To be written. This will contain information about this document as a whole.

Why should you learn HTML?

Material from Getting Started with HTML and Learning HTML 3.2 by Examples plus the following.

It has often been argued that the content provider should only provide the content, such as the text and images, and other people should take care of adding HTML markup. The fallacy here is the idea that the content is a string of characters, to which some markup is then added. Well, it often happens that people convert Ascii files into HTML files. But please notice that this requires the recognition of the structure of the text, so that you can mark some text as heading elements, some paragraphs as block quotations, etc. (If there is a printed version of the text, with bolding and italics and so on, it may be useful here.)

Thus, if plain text is written first by an author and then markup is added by someone else, then the person who does the conversion needs to guess the author's intentions as regards to the logical structure. Wouldn't it be better to let the author express her or his intentions clearly and uniquely in a very simple language? Such as writing <H2> and </H2> around a heading.

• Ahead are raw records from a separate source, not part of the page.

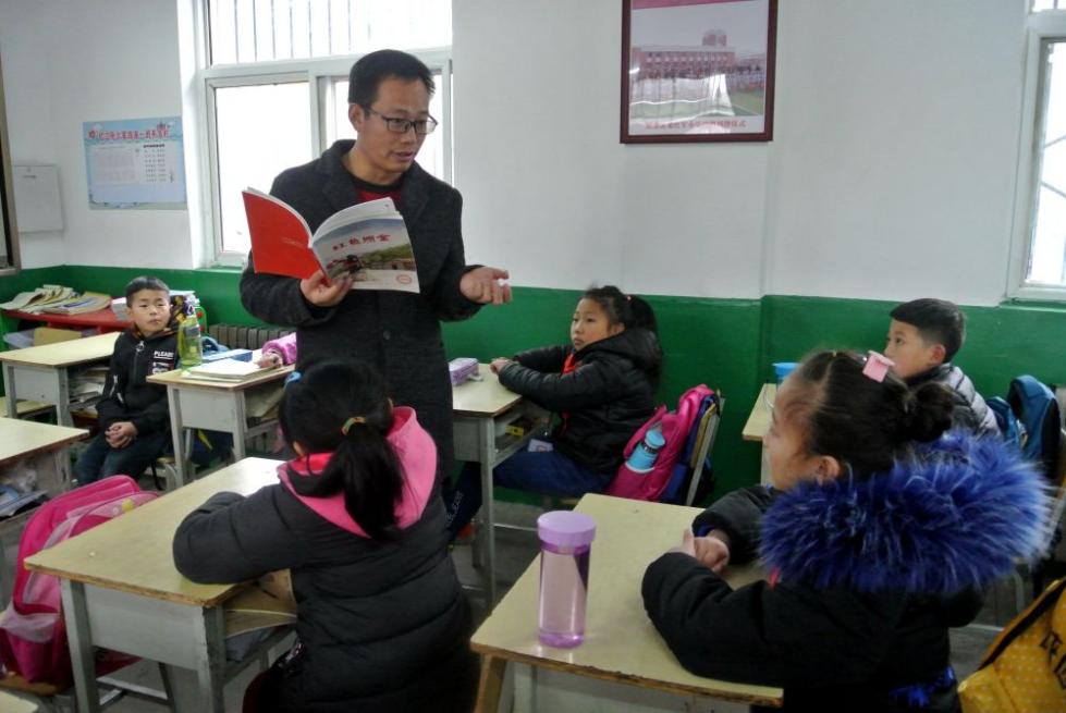 陕西省铜川市照金北梁红军小学副校长陶建刚给孩子们讲《红色照金》(2018年12月4日摄)。新华社记者 梁爱平 摄
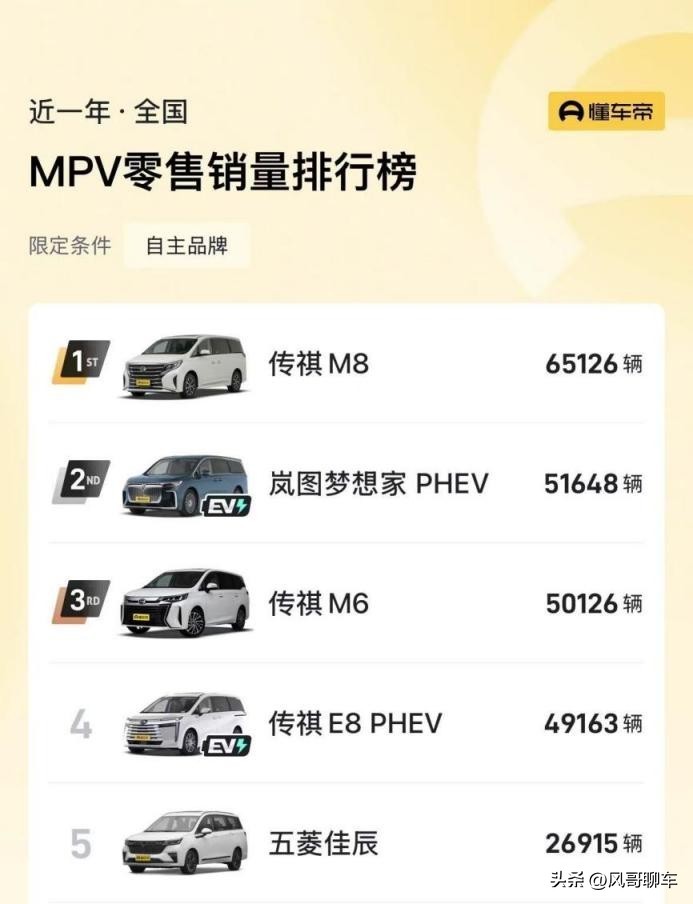 2025年MPV销量最高的品牌的广汽传祺,共售出183892辆MPV,其中传祺M8摘得2024年度中国品牌MPV销冠。这个被网友称为中国MPV专家的品牌,已经累计拥有超过73万MPV用户。
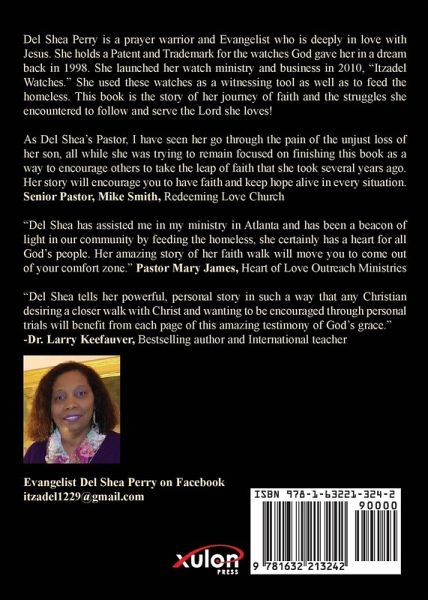 Del Shea Perry is a prayer warrior and Evangelist who is deeply in love with Jesus. She holds a Patent and Trademark for the watches God gave her in a dream back in 1998. She launched her watch ministry and business in 2010, "Itzadel Watches." She used these watches as a witnessing tool as well as to feed the homeless. This book is the story of her journey of faith and the struggles she encountered to follow and serve the Lord she loves! As Del Shea's Pastor, I have seen her go through the pain of the unjust loss of her son, all while she was trying to remain focused on finishing this book as a way to encourage others to take the leap of faith that she took several years ago. Her story will encourage you to have faith and keep hope alive in every situation. Senior Pastor, Mike Smith, Redeeming Love Church "Del Shea has assisted me in my ministry in Atlanta and has been a beacon of light in our community by feeding the homeless, she certainly has a heart for all God's people. Her amazing story of her faith walk will move you to come out of your comfort zone." Pastor Mary James, Heart of Love Outreach Ministries "Del Shea tells her powerful, personal story in such a way that any Christian desiring a closer walk with Christ and wanting to be encouraged through personal trials will benefit from each page of this amazing testimony of God's grace." -Dr. Larry Keefauver, Bestselling author and International teacher Evangelist Del Shea Perry on Facebook itzadel1229@gmail.com
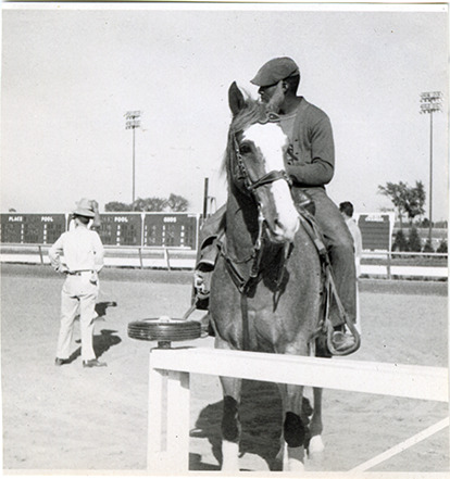 Part of an album of photographs taken by Cathie Monticelli. Inscribed inside front cover: "My book, at the race track, 1952 by Cathie Monticelli, 1426 Pearson Ave., Ferndale 20, Michigan."
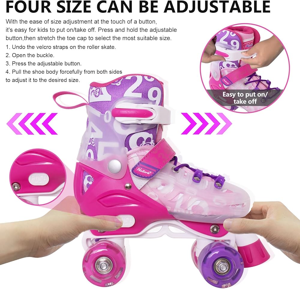 ⛸Adjustable Size for Growing Feet - We offer roller skates in four sizes: S, M, and L. Each size has four adjustable gears, ensuring a perfect fit as your child's feet grow. The adjustable sizing feature ensures comfort and a secure fit throughout their skating journey.
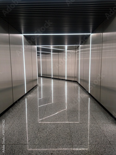 Obraz premium Futuristic corridor with LED light frames and reflective floor
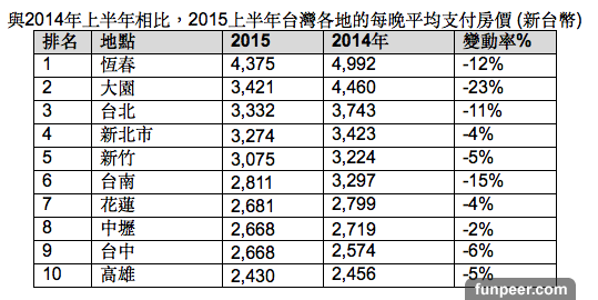 ▲2015上半年台灣各地的每晚平均支付房價。 更多NOWnews新聞都在行動APP上: 》》Android APP請點這裡下載 》》iOS APP請點這裡下載 》》大陸地區請點此直接下載APK安裝
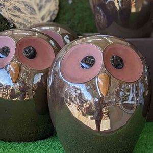 ホームセンターの園芸コーナーで、私を見つめていた🦉さんたち 「ゴメンね〜連れては帰れない🙏」 🏷ふくろう祭り参加します
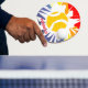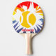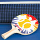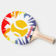 Yellow tennis ball ping pong paddle for table tennis. Colorful dynamic novelty design with ball breaking through hole. Personalized name or monogram ping pong paddle for table tennis
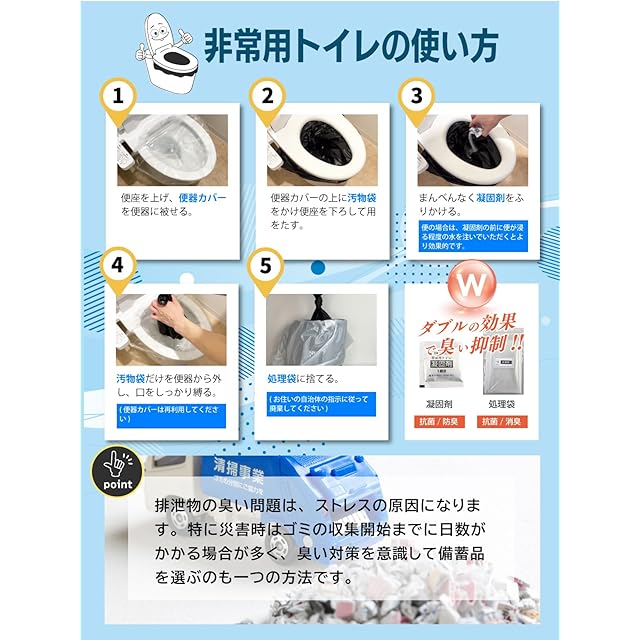 【抗菌・消臭機能】抗菌・消臭性能付きの凝固剤が便や尿を素早くゼリー状に固め、臭いや菌の発生を抑えます。
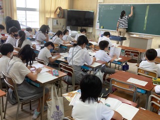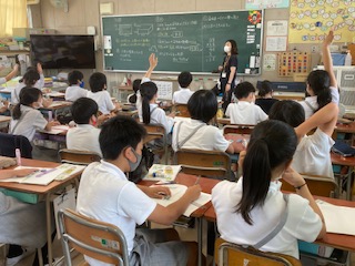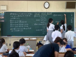 算数科で小数のかけ算の学習をしています。真剣な姿勢で取り組み、発表して考えを伝えることも頑張っています。
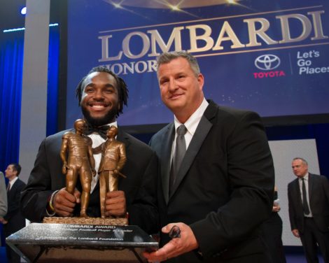 John Lombardi presenting the Lombardi Award to the the first recipient, 2018
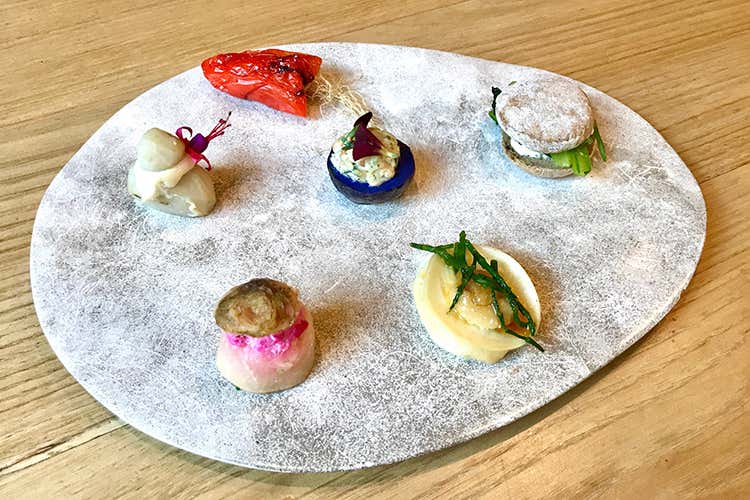 Un esempio è il piatto “Dedicato A. Parmentier”, un mix di patate con le loro terre. L’esperienza inizia sfregandosi le mani con un rametto di rosmarino: le mani diventano così “strumento” per procedere alla degustazione. Ad ogni assaggio, portando il boccone alla bocca, si potrà sentire al naso il profumo di rosmarino. Nel piatto si trovano, in senso orario, la patata Miss Blush con terra di topinambur, la patata Amandine con terra di fiore di cardo, la Patata Prunelle violacea con la sua stessa terra, la “patata americana” (proposta senza la sua terra perché in realtà è un tubero). Al centro del piatto la Parmentier, una scodella che contiene una crema di patate di montagna e porro, da bere bollente, scaldandosi le mani. Un gioco che valorizza un ingrediente povero, simbolico ma pieno di gusto come la patata e mette l’ospite al centro dell’esperienza gastronomica”.
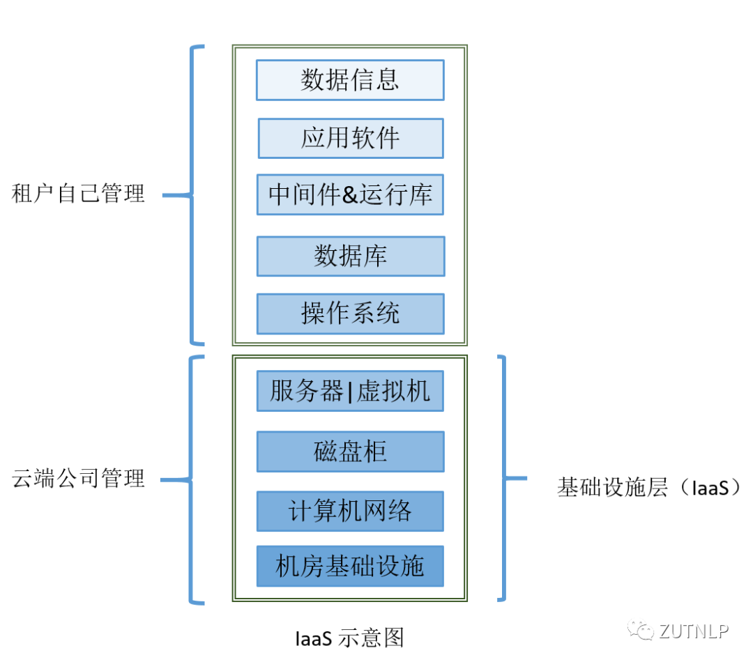 IaaS是Infrastructure as a server的缩写,意思是基础设施即服务。云端公司把IT环境的基础设施建设好,然后直接对外出租硬件服务器或者虚拟机。消费者可以利用所有计算基础设施,包括处理CPU、内存、存储、网络和其它基本的计算资源,用户能够部署和运行任意软件,包括操作系统和应用程序。消费者不管理或控制任何云计算基础设施,但能控制操作系统的选择、存储空间、部署的应用,也有可能获得有限制的网络组件(例如路由器、防火墙、负载均衡器等)的控制。如下图所示:

Professional (human) editors can often improve texts by adding (or suggesting) headings and emphases as well as rewording the text, deleting less important things, etc. But that's a different thing, and it requires special expertise.

Thus, the author should write the markup at the same time he writes the content. Markup isn't an extra spice added later but an essential ingredient of the food. It describes the structure. By the way, the author need not know everything about HTML. Contrary to popular belief, it is not obligatory to use every kind of element there are in HTML, not even know them. :-)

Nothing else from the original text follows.